Poucos não assumem, mas “Demônio Interior” de cada um é tudo aquilo que nos divide (“dia-bolum”), que alimenta o egocentrismo e que rompe qualquer comunhão com os outros. Hoje, entre nós, força que permanecia oculta, mas que agora ativamente investe para nos conduzir para aonde não queremos ir.

“Em algum momento, no inicio da constituição da comunidade humana, tivemos que fazer um Pacto Civilizatório. Como bem disse Freud, tivemos que recalcar nossos impulsos mais primitivos, perversos e egoístas em nome da convivência coletiva. Então, desde o início, mesmo com todos os equívocos que invariavelmente cometemos na nossa frágil condição humana, temos optado pelo amor, pelos laços que nos unem numa coletividade. Apesar de não sabermos até quando, é assim que nossa espécie tem sobrevivido até então” (Rita Almeida, psicologa/ psicanalista da Rede de Saúde Mental do SUS, conselheira CRP/MG, mestre e doutora em Educação pela UFJF).

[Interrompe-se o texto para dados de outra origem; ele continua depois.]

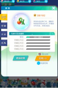 樹果的養(yǎng)成分別有:培育、突破、升星和洗煉。每個(gè)樹果初始都會(huì)帶有一個(gè)初始屬性,經(jīng)過(guò)培育,可以獲得更高的屬性值。突破可以獲得更多的屬性項(xiàng)。
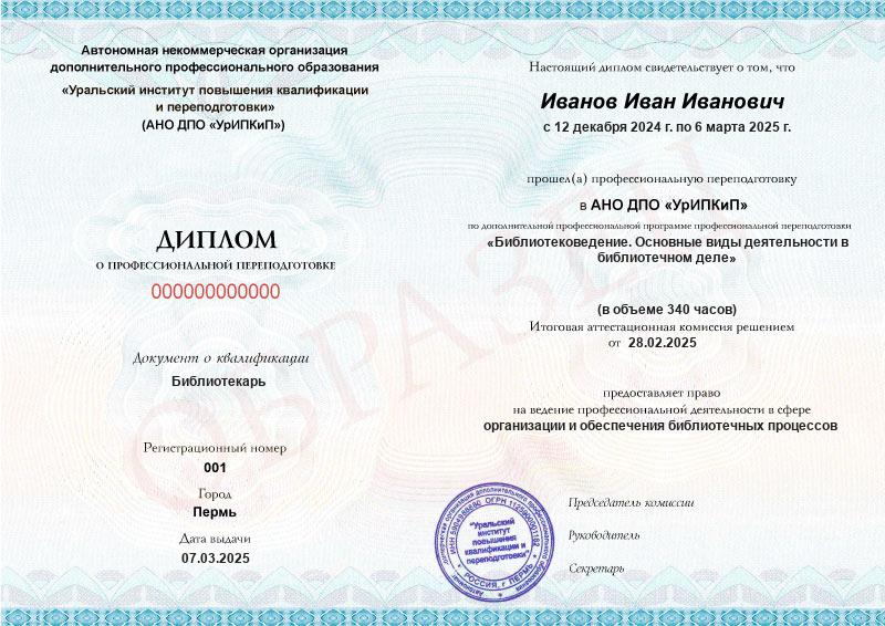 Да, дипломы и удостоверения оформляются в соответствии с действующим законодательством РФ. Документы печатаются на специальных бланках, заверяются печатью АНО ДПО «УрИПКиП».

Da proposta para armar o Brasil tem-se a impressão de que temos, no momento, uma “legião de demônios”. De todos os matizes e inclinações políticas, ideológicas, filosóficas, sociológicas, psicológicas, econômicas,... De nuances e de tons incompreensíveis, inconfessáveis,... O que fará um cidadão de bem autorizado a adquirir armas e podendo comprar até cinco mil munições por ano? Um verdadeiro arsenal! Honestamente, não será para defesa pessoal e nem para a proteção da família e do lar. A intenção será outra, inquestionavelmente!

Nem a posse e nem o porte de armas vão resolver nosso cruciante problema. Nem tampouco minimizar ou controlar a criminalidade e a violência. Inclusive para enfrentar bandido. Nem amedrontar este, o que é ainda mais preocupante. Uma “chuva” de armas e munições sobre uma população não nos tornará um povo protegido, a salvo do crime.

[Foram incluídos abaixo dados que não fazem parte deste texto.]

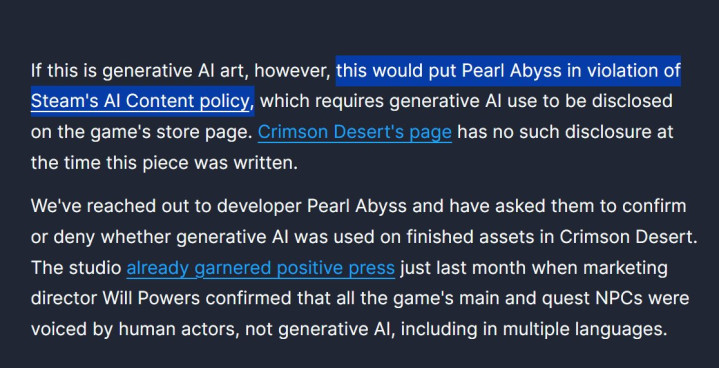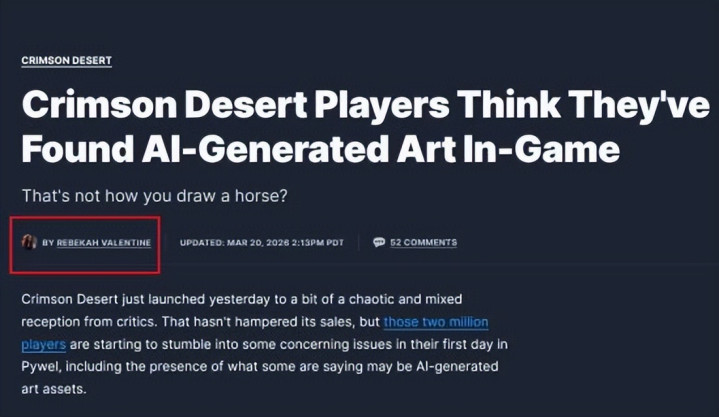 而当今,她又把锋芒瞄准了韩国厂商 Pearl Abyss,原因是他们的新作《红色沙漠》被质疑使用了AI生成画作。
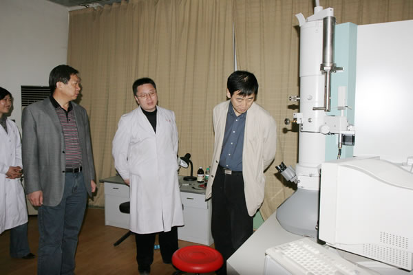 崔德华博士在院领导及相关部门人员陪同下参观考察电镜室

O sentimento para armar, indubitavelmente, ameaça nosso Pacto Civilizatório. É muito séria a questão! Porque o que se pretende não é a civilidade, mas, sim, a agressividade. A civilidade característica do pacto de não-agressão que não concilia com armas. Armar, além de intranquilizar familiares no recinto do lar, denuncia a falência do sistema público de Segurança, degenerando a proteção social. Projeta, enfim, intencionalmente ou não, incidentes, acidentes e conflitos degradantes, incontroláveis e trágicos para um futuro impensado e indesejado.

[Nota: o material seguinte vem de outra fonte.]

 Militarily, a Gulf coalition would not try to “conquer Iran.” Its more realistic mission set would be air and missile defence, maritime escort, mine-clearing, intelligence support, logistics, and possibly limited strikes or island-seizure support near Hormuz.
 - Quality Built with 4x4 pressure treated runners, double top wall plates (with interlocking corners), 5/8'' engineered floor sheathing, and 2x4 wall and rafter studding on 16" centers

Não sei em que proporção haverá uma reação da sociedade brasileira. Qual o limite. Que haverá, haverá! Que será, será! Espero que não seja tarde demais, para que possamos refletir e não permitir que seja institucionalizado oficialmente o convívio com grupos armados, pervertidos depravados e imbecilizados como “Carrascos Voluntários”, com a matança não só de pessoas do bem e do mal, mas, também, de “anjos” por “demônios”.